Cependant, si un retour à l’équilibre
budgétaire est visé à l’horizon du
quinquennat à venir, il s’agit de générer par
rapport à la situation actuelle plus de 400
milliards d’euro de réduction de dépenses
ou d’augmentation d’impôts cumulés sur la
durée du mandat. Le niveau d’endettement
de la France atteint sera alors voisin de
80% du PIB et des efforts supplémentaires
seront nécessaires pour le réduire aux
60% envisagés dans le cadre du traité de
Maastricht et réaffirmés dans l’accord de
Bruxelles de décembre 2011. Une adaptation
de notre modèle économique et social est
implicitement nécessaire et il nous paraît
primordial d’un point de vue démocratique
de débattre de ces questions lors de cette
campagne présidentielle aux risques
en son absence de faire le lit des partis
extrémistes pour la prochaine mandature.
La contribution d’un tel débat n’est pas
que politique. Les ménages conscients
de la nécessité de ces ajustements mais
sans perspectives politiques et d’idée de
l’ampleur des efforts à produire épargnent
massivement lorsqu’ils en ont la possibilité.

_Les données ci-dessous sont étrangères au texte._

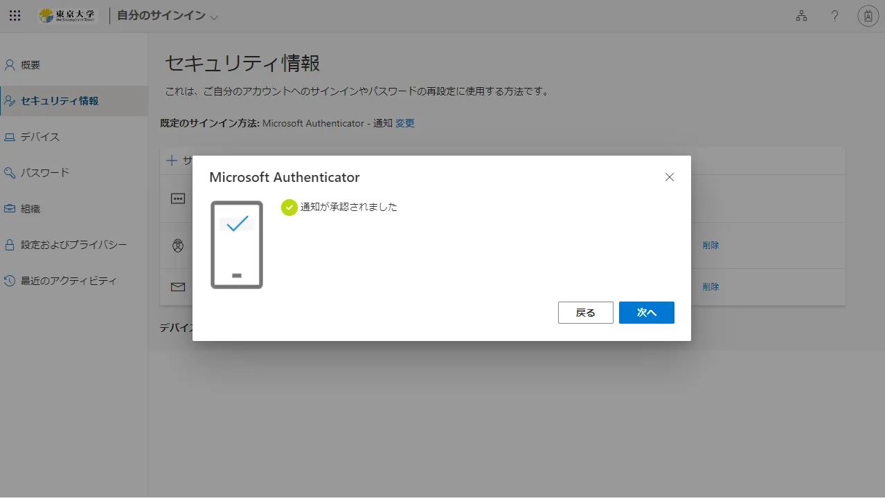 次に,ここまでに登録した本人確認方法を利用してUTokyo Accountにサインインすることができるか確認します.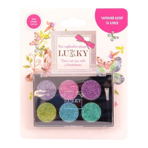 Крем-тіні для повік Lukky 6 відтінків із блискітками створять неповторний образ для дівчинки. Підійде для юних модниць. Тіні світло-блакитних і синіх відтінків доповнені блискітками. Текстура кремова й абсолютно безпечна для дитячої шкіри. У наборі: 6 відтінків тіней для повік; аплікатор. Рекомендовано для дітей від 6-ти років.

Les entreprises en situation d’incertitude
accrue réévaluent et éventuellement
décalent leurs projets.
Il est donc souhaitable de discuter des
ajustements possibles qui seront propices
au maintien d’une protection sociale
adaptée au monde d’aujourd’hui. Le rapide
tour d’horizon que nous dressons suggère
que, si dans les secteurs de la santé ou des
retraites, des réformes ont été engagées
et doivent être complètement mises en
œuvre et poursuivies, les priorités actuelles
selon nous concernent le marché du travail
au travers du système éducatif et de la
protection sociale des travailleurs. Les
principes et objectifs qui ont été mobilisés
il y a quelques décennies pour construire
le modèle social français dans ce domaine
doivent s’adapter à notre environnement
actuel. Nous sommes dans une économie
globalisée plus complexe requérant plus
de compétences en évolution rapide et
dans laquelle seront bien peu nombreux
les travailleurs qui ne connaîtront qu’un
seul employeur au cours d’une carrière
professionnelle toujours plus longue.
Sur ces deux terrains, l’EDHEC fait des
propositions. D’une part, le financement
de l’enseignement du supérieur et les
incitations à la formation continue devraient
être repensés, par le biais d’un contrat
d’enseignement supérieur impliquant
financièrement le jeune diplômé en cas de
succès professionnel et d’une modulation
des subventions à la formation en fonction
de la rémunération des travailleurs, en lieu
et place du dispositif « former ou payer ».
D’autre part, la législation entourant les
modalités de licenciement devraient être
revues, car en l’état elles se traduisent
par une forte protection des adultes au
détriment des jeunes.
Résumé
Ce document constitue une synthèse de travaux scientifiques conduits au sein de l'EDHEC. Pour plus d'informations, nous
vous prions de vous adresser à la direction de la recherche de l'EDHEC :
Les opinions exprimées sont celles des auteurs et n'engagent pas la responsabilité de l'EDHEC.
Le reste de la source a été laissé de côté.